Architecture Overview

A new session's first read for understanding how the system is shaped. Single page, dense, end-to-end. Other pages drill in.


What the system does

  1. Collects public ESG data about a set of pilot institutions from structured upstream sources (NZBA membership list, SBTi targets dashboard, PRB signatories, etc.).
  2. Scores each institution against a rule catalogue (148 rules across pillars E / S / G, sub-criteria, and themes).
  3. Displays the scores, coverage, and underlying signals through a server-rendered web UI gated behind Cloudflare Access.
  4. Refreshes weekly via a cron-triggered scrape + score cycle.

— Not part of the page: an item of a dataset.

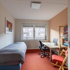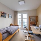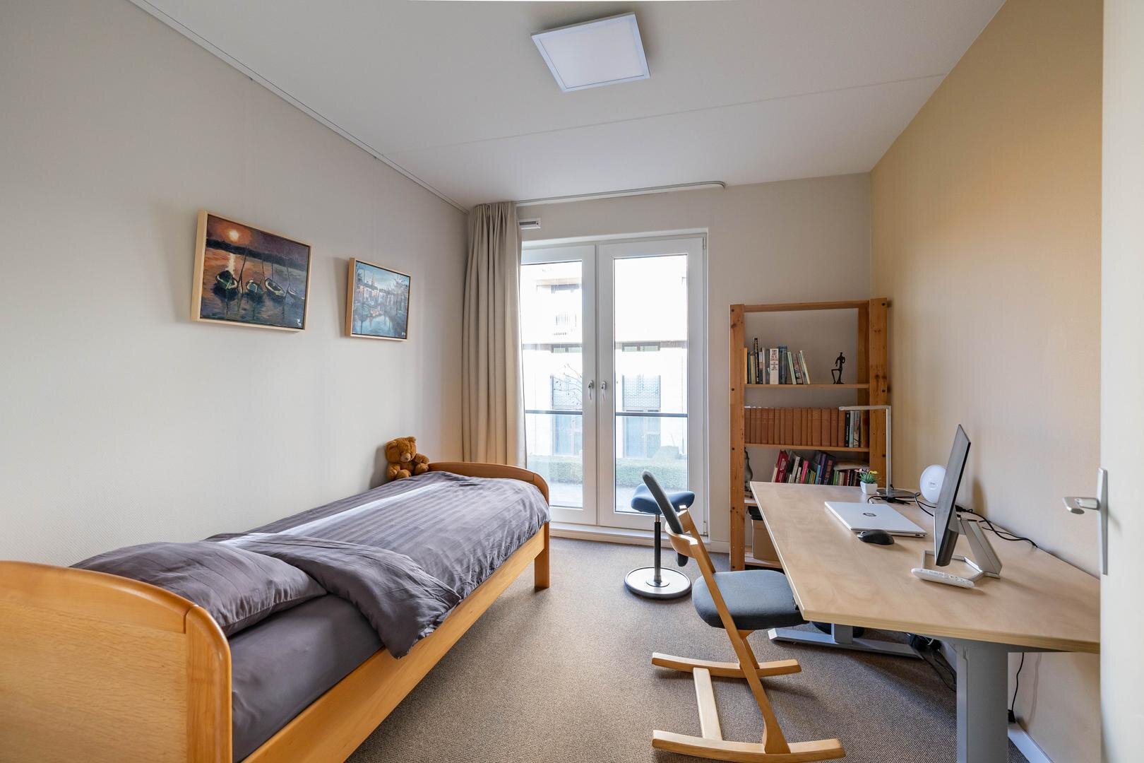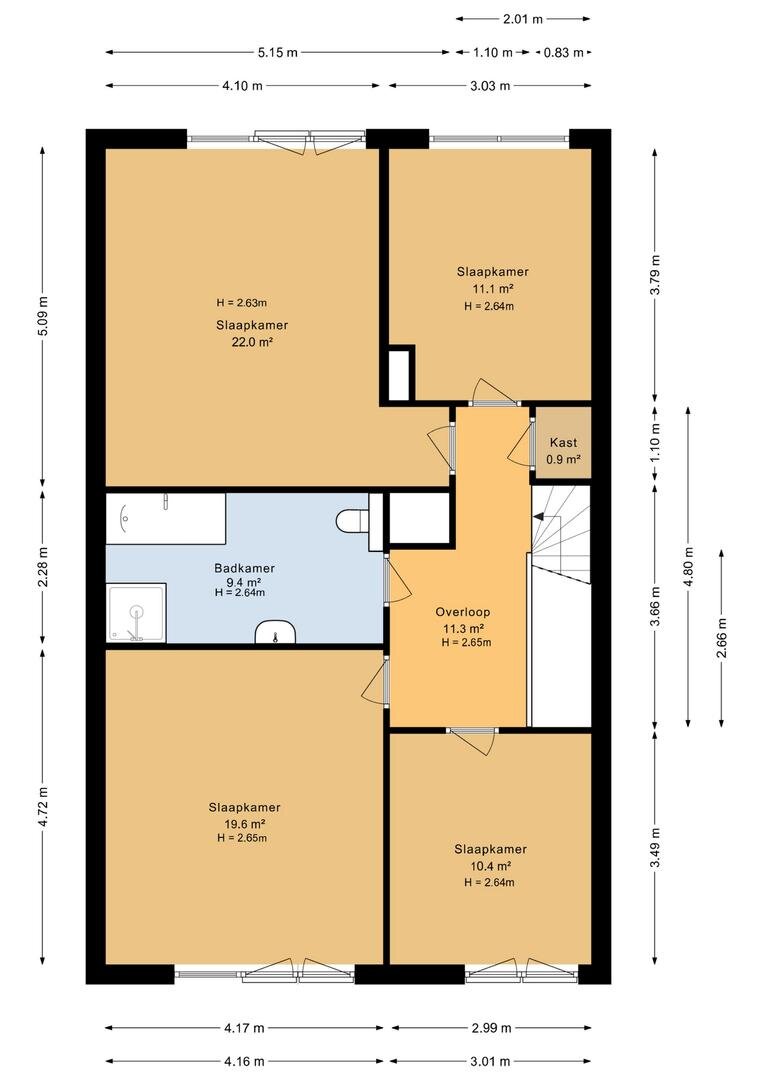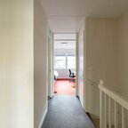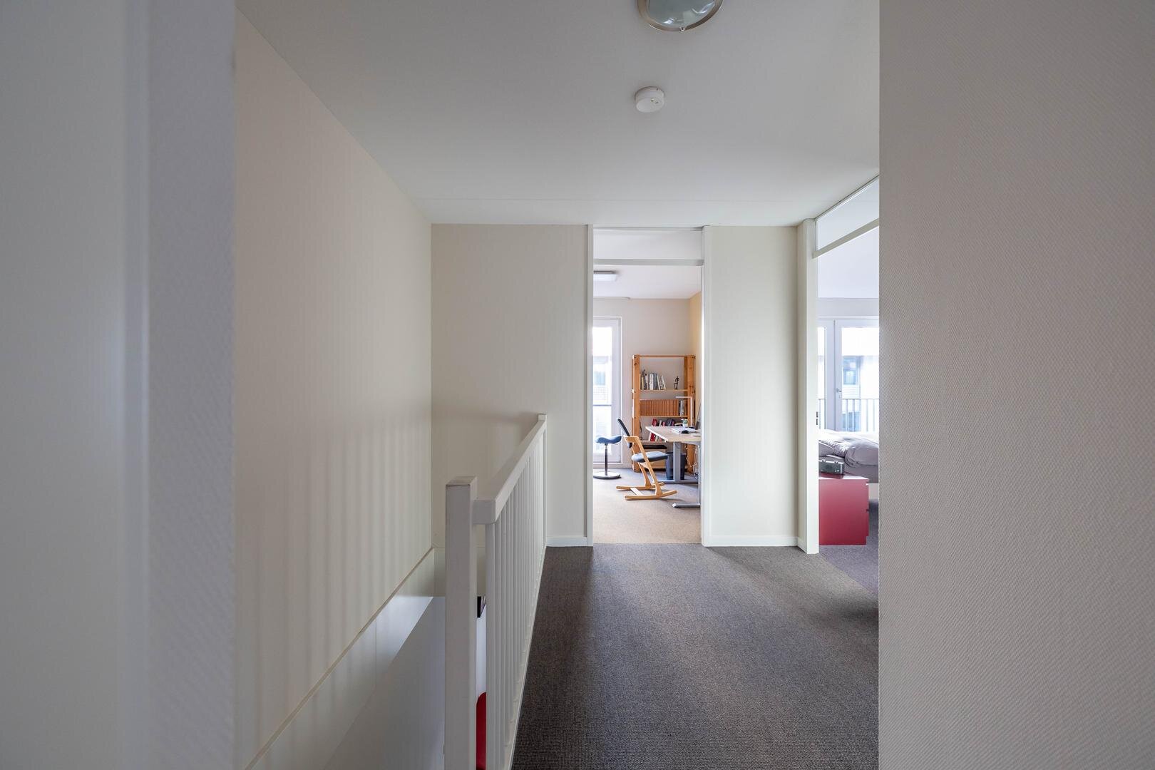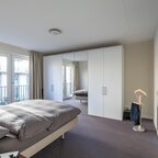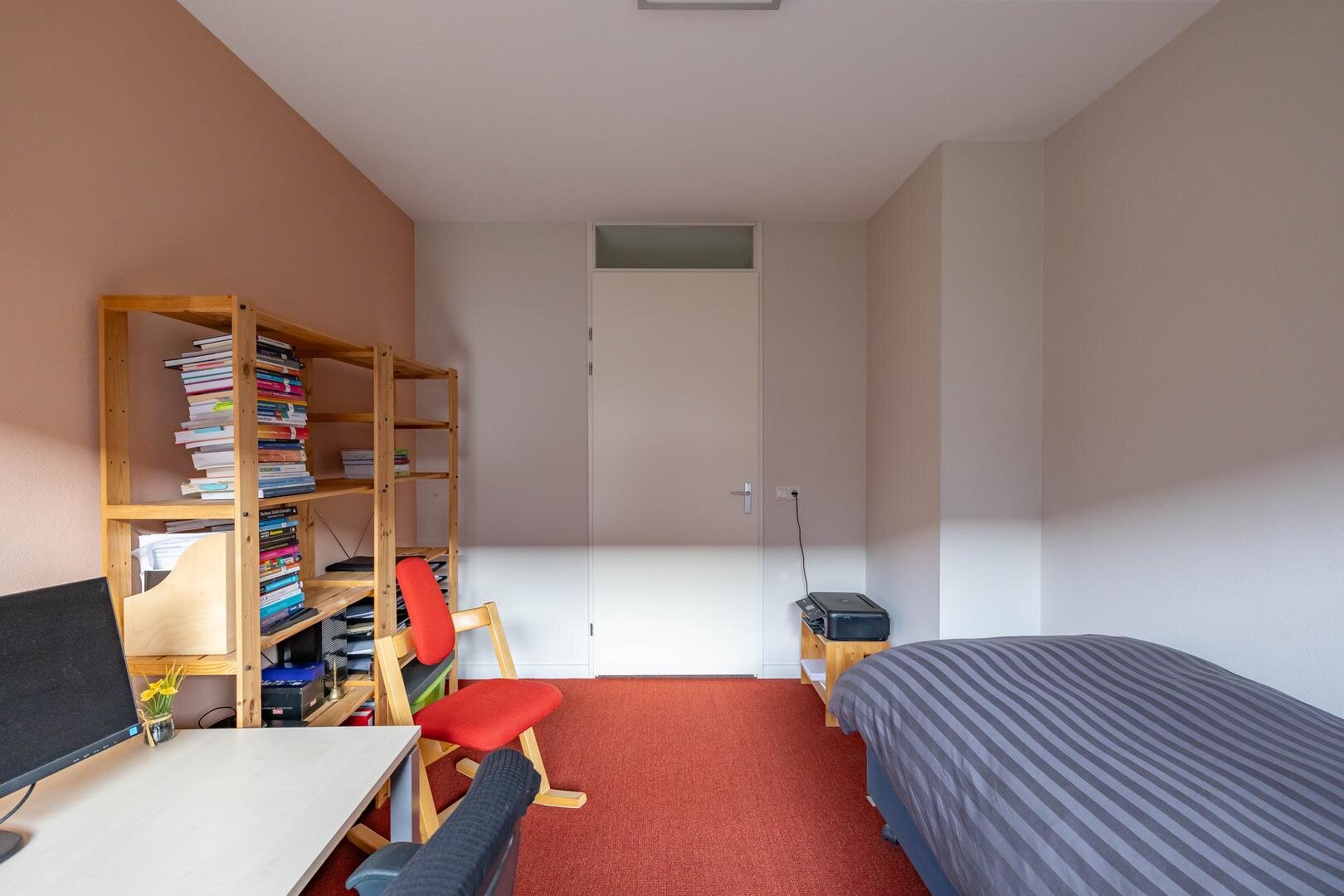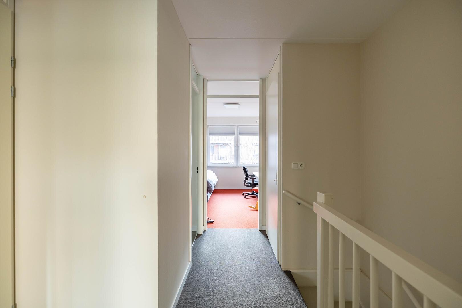 Overloop met vaste kast en maar liefst vier slaapkamers van circa 11 m², 22 m², 19,6 m² en 10,4 m². De slaapkamer aan de voorzijde heeft drie grote kiep-/kantelramen (met deuren) voor extra veel lichtinval en goede ventilatie. De overige slaapkamers zijn eveneens voorzien van kiep-/kantelramen.

Stage 1 (universal ESG) is live. Stage 2 (financials triangulation — ESG × credit × returns) has ESG in place; credit and returns dimensions are placeholders.


Two-stage architecture

The system is split into two scoring stages, recorded in ADR-style narrative in the design note.

Stage Scope Composite Status
Stage 1 — ESG All institutions (financial + non-financial) E + S + G pillar weighted average, coverage-weighted per ADR-0001 Live
Stage 2 — Triangulation Financial institutions only (GICS 40) Stage 1 ESG + Credit + Returns ESG in place; Credit/Returns awaiting

The original v0.4 spec was banks-only single-stage; the two-stage split emerged in cycle 1 of the v0.5 work to honestly separate universal ESG screening from the financials-only triangulation thesis. See the design note for the full rationale.


High-level data flow

┌───────────────────────────────────────────────────────────────────────┐
│                                                                        │
│   Upstream sources                                                     │
│   ─────────────                                                        │
│   • NZBA, SBTi, PRB (membership lists — live)                          │
│   • BHRRC, UK MSA, UK GPG, BankTrack, PAX (planned)                    │
│   • Corporate disclosure / IFRS S2 (heavy engineering, future)         │
│                                                                        │
│              │                                                         │
│              ▼ (scrapers, src/scrapers/*.js)                           │
│                                                                        │
│   SQLite at data/esg.db                                                │
│   ─────────────────────                                                │
│   • Reference: rule, signal_source, peer_group, gics_classification    │
│   • Institutions: institution × 8 pilot                                │
│   • Run records: scrape_run (one per scraper execution)                │
│   • Signals: signal (one row per run × institution × rule when found)  │
│   • Scores: score_sub_criterion, score_pillar,                         │
│             score_stage1_esg, score_stage2_composite                   │
│                                                                        │
│              │                                                         │
│              ▼ (scoring engine, src/scoring/*.js)                      │
│                                                                        │
│   Scores written back to DB                                            │
│   ─────────────────────                                                │
│   • Per rule, per pillar, per stage, per run                           │
│   • Both raw (v0.4) and coverage-weighted (ADR-0001)                   │
│                                                                        │
│              │                                                         │
│              ▼ (read interface, ADR-0002, pending)                     │
│                                                                        │
│   Web UI at esg-screen.org                                             │
│   ───────────────────────                                              │
│   • Server-rendered EJS/Handlebars via Express                         │
│   • Cloudflare Access OTP gate                                         │
│   • Five pages: institution index, institution detail,                 │
│     methodology, runs, watchlist                                       │
│                                                                        │
└───────────────────────────────────────────────────────────────────────┘

For the data model in detail, see Data model. For the scoring methodology in prose, see Scoring. For the stack (hosting, deployment, secrets), see Stack. For the UI design, see UI pages and Design system.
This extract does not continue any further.